Em O Exorcista, Regan certamente não devia ser culpada pelo que lhe aconteceu. Em Carrie, não cabe a ela, também, nenhuma culpa de tudo que lhe ocorre. Ela é levada a fazer tudo aquilo. E quando perpetua a destruição na sua cidade natal, é por estar louca. Carrie não deseja mais provocar incêndios, do mesmo modo como não quer fazer pipi nas calças. Esta imagem, esta correlação, aparece no livro, contudo pouco depois ela é levada a fazê-lo.

P: A pessoa que faz essa conexão em A Incendiária é o assassino, Rainbird. Tem uma personalidade autoritária, e parece ser muito perigoso. Muitas personagens autoritários em seus livros são, sobremodo malignas. Você julga a autoridade uma força maligna?

KING:É exatamente o que penso. Acho que a desgraça da civilização reside no entrosamento social.

Quando estamos juntos, é preciso contar com uma autoridade, ou pelo menos é o que todo mundo diz. Mas isso é como um câncer. "É evidente que se vivêssemos dentro do caos ninguém teria ar-condicio-nado e ninguém contaria com telefone de teclas. Logo, cada um tem que dizer para si mesmo: "Você quer, por acaso, ficar do lado de fora plantando suas colheitas com um pedaço de pau e depois defecar em cima do seu pé de milho para fazê-lo crescer? Ou prefere o tipo de sociedade que temos?" Acredite em mim, nós mesmos a compramos.

Muitas personalidades autoritárias querem ser boas. Sinto isso, e, entretanto, ao mesmo tempo me parece que a autoridade, após algum tempo, sempre resulta em algum tipo de opressão. Quando surgem os relatórios sobre as minorias, o que se faz é expulsá-las da cidade carregando uma cruz flamejante. As coisa simplesmente são assim.

Porém mais uma vez, foi contra isso que combatemos no Vietnã. Creio que lutamos no Vietnã em favor da civilização, e certamente para nos opormos ao autoritarismo. Para mostrar nossa autoridade, para demonstrar que não éramos fracos. Não era isso que Nixon não parava de afirmar? "Precisamos mostrar ao mundo que não somos fracos. " Então, é claro, acabamos revelando ao mundo que éramos... fracos. Porque não fomos capazes de vencer aqueles jovens de pijamas negros.

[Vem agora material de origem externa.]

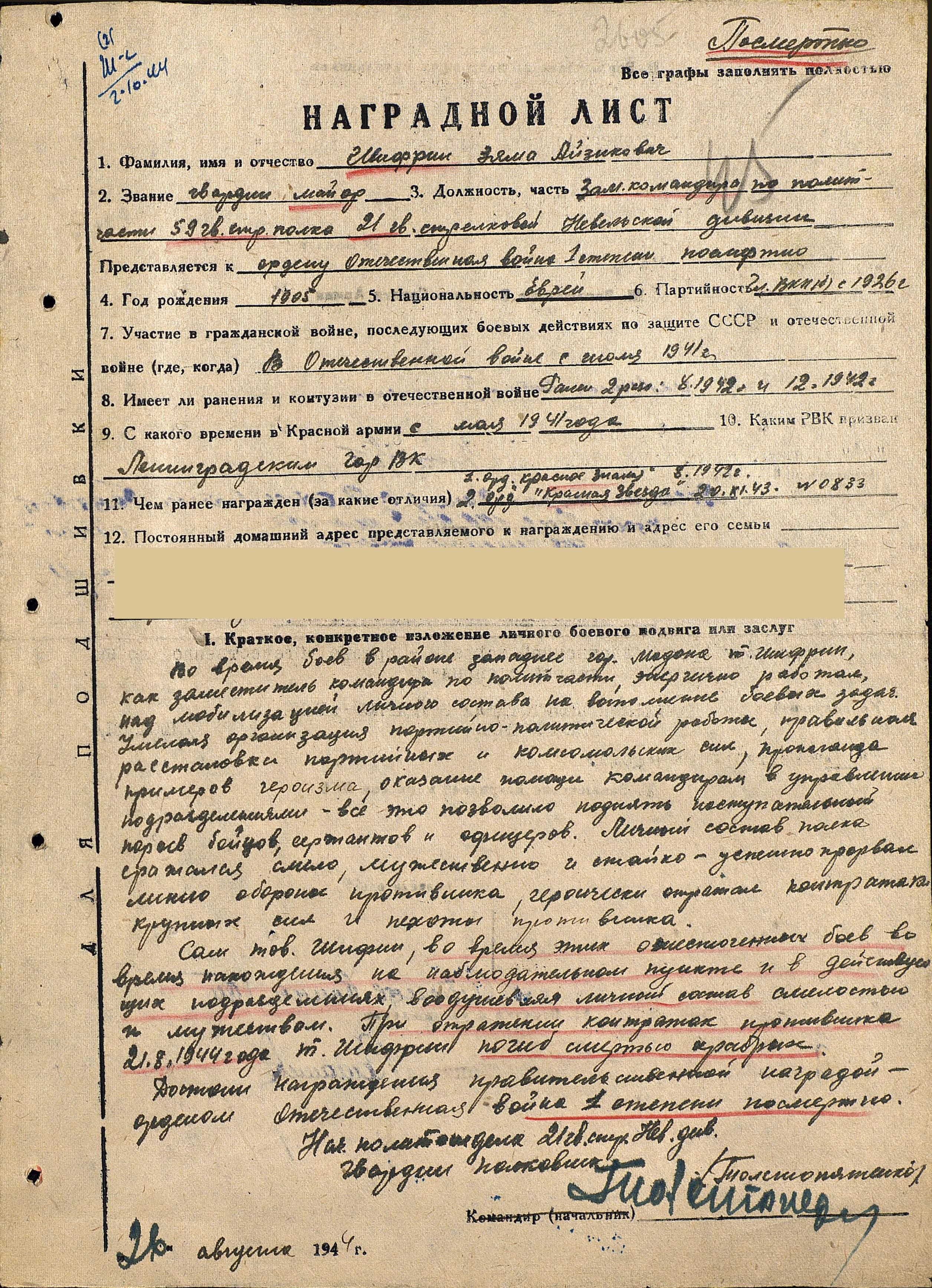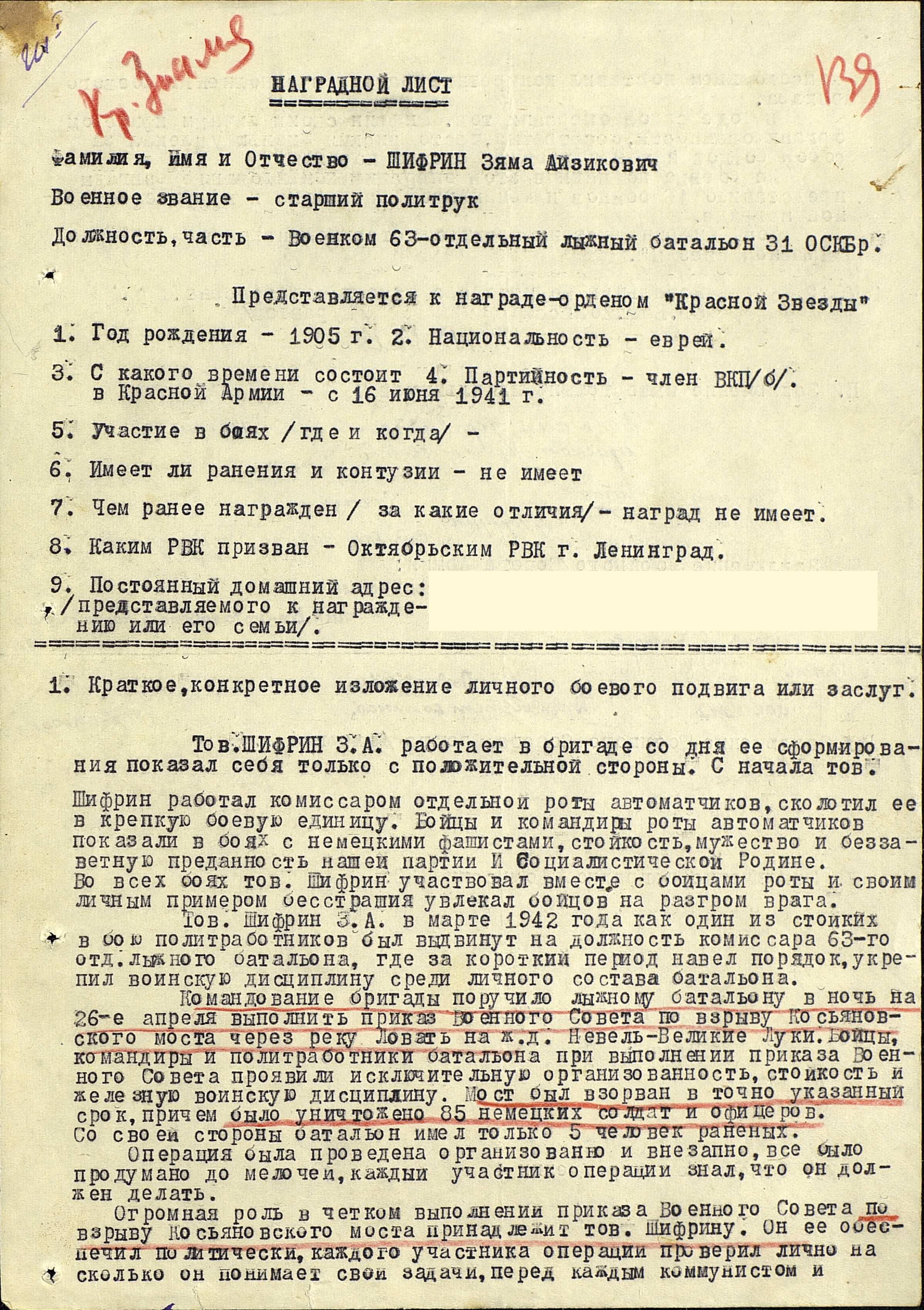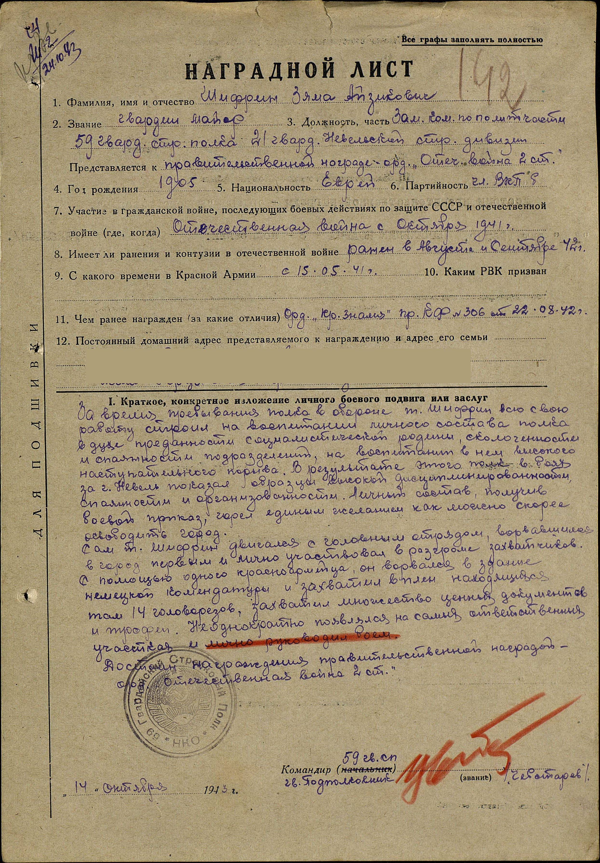 Гвардии майор ШИФРИН ЗЯМА АЙЗИКОВИЧ, 1905 г.р., родился - г. Гомель, Белорусской ССР. В РККА и на фронте Великой Отечественной войны с 1941 г. - Заместитель командира по по политчасти 59 гвардейского Двинского стрелкового полка, 21 гвардейской стрелковой дивизии Боевые награды: 1.Орден "КРАСНОГО ЗНАМЕНИ" (номер записи в базе данных: 10036854 на старшего политрука 63-го отдельного Лыжного батальона 31 ОСКБр (отдельной стрелковой Краснознамённой бригады). 2. Орден "КРАСНАЯ ЗВЕЗДА"( номер записи в базе данных: 18462186 на заместителя командира по политической части 59-го гвардейского СП 21-й гвардейской Невельской СД); 3.Орден "ОТЕЧЕСТВЕННАЯ ВОЙНА" 1 степени (номер записи в базе данных: 32799776) на сайте http://www.podvignaroda.mil.ru/ Общедоступный электронный банк документов «Подвиг Народа в Великой Отечественной войне 1941-1945 гг.» Убит, в бою, 21. 4. 1944. Захоронен: 1.2 км. юго-восточнее станции ЭРГЛА,Латвия. . Вечная память Героям павшим за Свободу и Независимость нашей Родины! http://www.pobeda1945.su/frontovik/20864

P: Está querendo dizer que não pode haver o bem sem o mal, que é impossível perceber o que quer que seja sem haver seu oposto?

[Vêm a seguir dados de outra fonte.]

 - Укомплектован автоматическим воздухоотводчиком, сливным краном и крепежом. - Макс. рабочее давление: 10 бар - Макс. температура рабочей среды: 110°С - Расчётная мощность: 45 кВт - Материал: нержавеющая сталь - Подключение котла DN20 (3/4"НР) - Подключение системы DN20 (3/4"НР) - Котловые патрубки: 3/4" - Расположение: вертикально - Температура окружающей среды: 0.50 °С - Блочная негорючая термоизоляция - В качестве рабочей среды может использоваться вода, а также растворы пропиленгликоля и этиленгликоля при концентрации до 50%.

KING:  Não estou certo de que tudo tenha tanto a ver com o bem e o mal como com a questão do caos versus ordem. Todos tendemos a desejar ordem em nossas vidas. Já levei muitos foras de minha mulher quando eu quis fazer minhas malas. Ela não quer que eu as faça pessoalmente por achar que não sei que roupas combinam entre si. Mas tenho necessidade disso na minha vida. Tive que comparecer esta manhã duas vezes na televisão e este paletó é, na verdade, o mais surrado que tenho. No entanto é meu paletó da sorte. Põe a minha vida em ordem.

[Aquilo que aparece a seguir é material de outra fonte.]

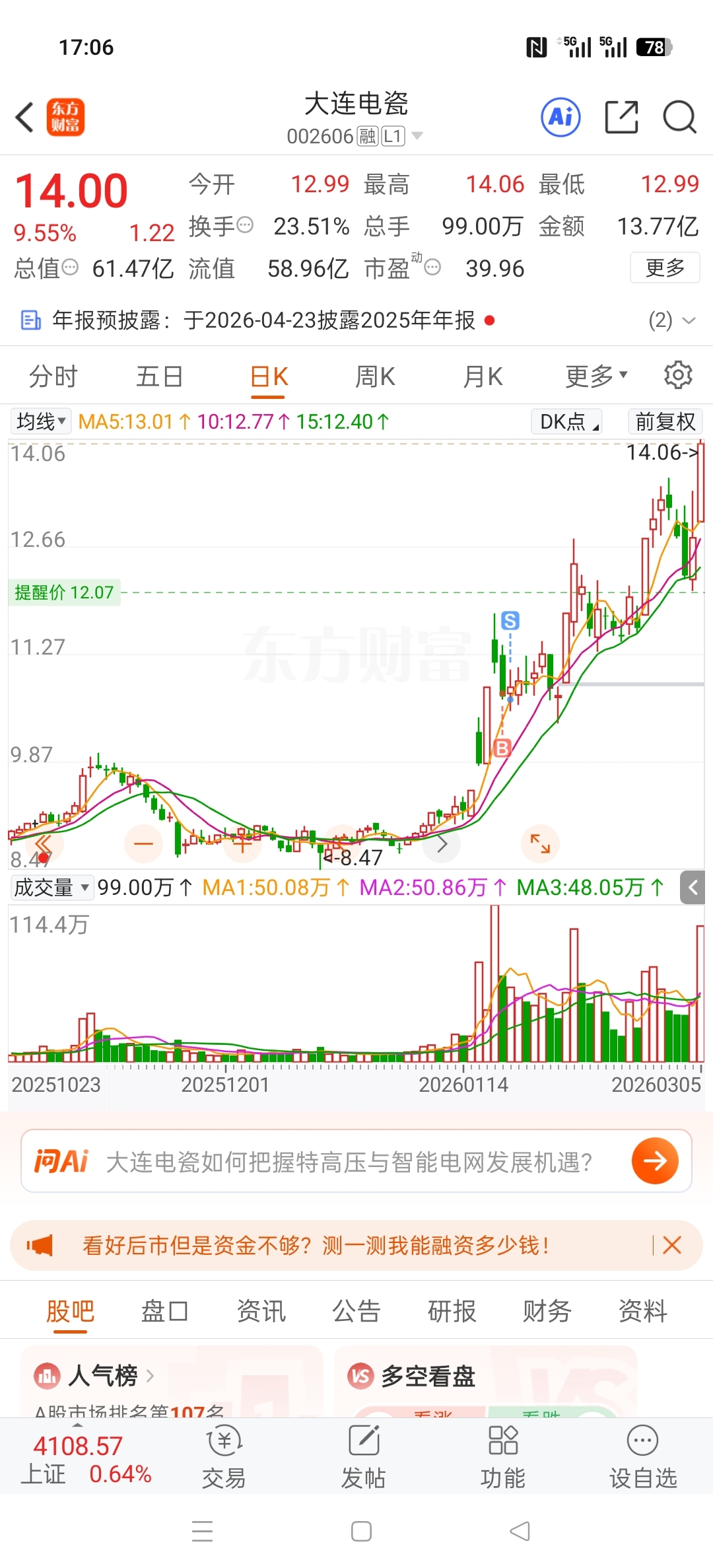 $大连电瓷(SZ002606)$ 这个都走了趋势,12.07提醒价放了好多天都忘记了,

Todas as histórias de terror são na verdade sobre a invasão da ordem pela desordem. Aquele momento do início de O Exorcista, o filme, mostrando Georgetown, é a perfeita ordem. Aquilo é civilização. "É onde as pessoas sabem que vinho pedir. Ellen Burstyn está no andar de cima, na cama, acorda e ouve um barulho que parece o rugir de um leão.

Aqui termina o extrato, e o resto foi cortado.